Something is now tugging at the outside door to my room. This door opens up to the roof. I hope it is the wind or a jabberwocky.


March 27, 2005

Whopperjawed

If you drink three Red Bulls in the same day you will not sleep that night. At all. Your brain will reel and you will be haunted by uncomfortable visions and non-dreams, stitched together in a horrible and disjunct fashion.

The last few days have been wild. Friday afternoon I went to the local sporting goods store to rent a pair of snowshoes for our backcountry skiing expedition on Saturday, and by Friday evening I found myself driving to Government Camp, spinning a recently acquired Johnny Cash show, headed for the Mount Hood Brew Pub to meet a group for a full moon snowshoeing hike.

We hiked a few miles up around Bennett Pass, and afterwards a small group of us pulled up to Charlie’s in Government Pass for beers. We were treated to live music, a solo guitarist who played a fifteen minute rendition of The Wreck of the Edmund Fitzgerald with more flange than you can imagine.
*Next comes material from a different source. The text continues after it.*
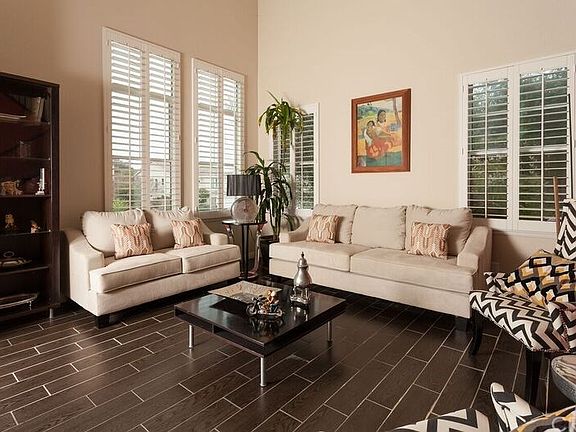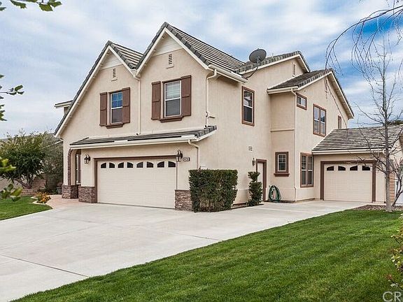 Seeing Is Believing - perfect Upgraded Pool Home !!!! Spacious home with 3,283 square feet and 3 car garage, 5 bedrooms, 3 bathrooms with ceiling fans in most rooms. Laminate wood flooring throughout upstairs including stairs with Wrought Iron staircase . Open floor plan with formal living room and a separate dining room. Large family room and spacious new upgraded kitchen cabinets. Kitchen features granite counters, upgraded stainless steel appliances, newly refurbished cabinets. Custom upgraded flooring, crown molding, baseboards, window trim, and shutters throughout. Entertainers dream backyard with salt water pool and spa, with a solid wood covered patio with ceiling fans installed and built in BBQ. Other upgrades include seamless rain gutters, water softener, walk in closets for bedrooms, and recent interior/exterior paint. This home has VERY LOW taxes - only 1.12% (Includes Mello Roos).

It was late and I had an hour’s drive back to Hood River, but I was armed with Red Bull. So much Red Bull. And Johnny Cash. And Red Bull. I fell into bed around 1:00 in the morning, and proceeded to toss and turn for more than four hours. I was meeting Joe at a quarter to seven that morning to hike Hood and go snowboarding, and with my alarm set for 5:45 I really wanted to get some sleep.

But sleep I did not. Instead, my brain was haunted with awful disjointed images, juxtapositions that unsettled the mind. It resembled the slapdashed style of snowboard magazine ads, where underpaid and overtalented graphic artists are turned loose on an indifferent audience. Instead of mishmashed photographs of professional snowboarders, the source images were of my own life, past and recent experiences, slapped together with wickedly worn edges, distressed Photoshop techniques and high-tech interfaces.

It wore on for hours, until finally I decided it was late enough to get up and shower. It was 5:30 in the morning. I ran the water for more than five minutes but it never got warm. The furnace had finally choked and needed to be repressurized (or filled with bodies), and I didn’t know how to do this without blowing the house up. Plus, the furance is in the basement, and we can only access the basement by going outside, pulling aside a heavy (and sodden) plywood cover, and descending a step ladder into the foundation.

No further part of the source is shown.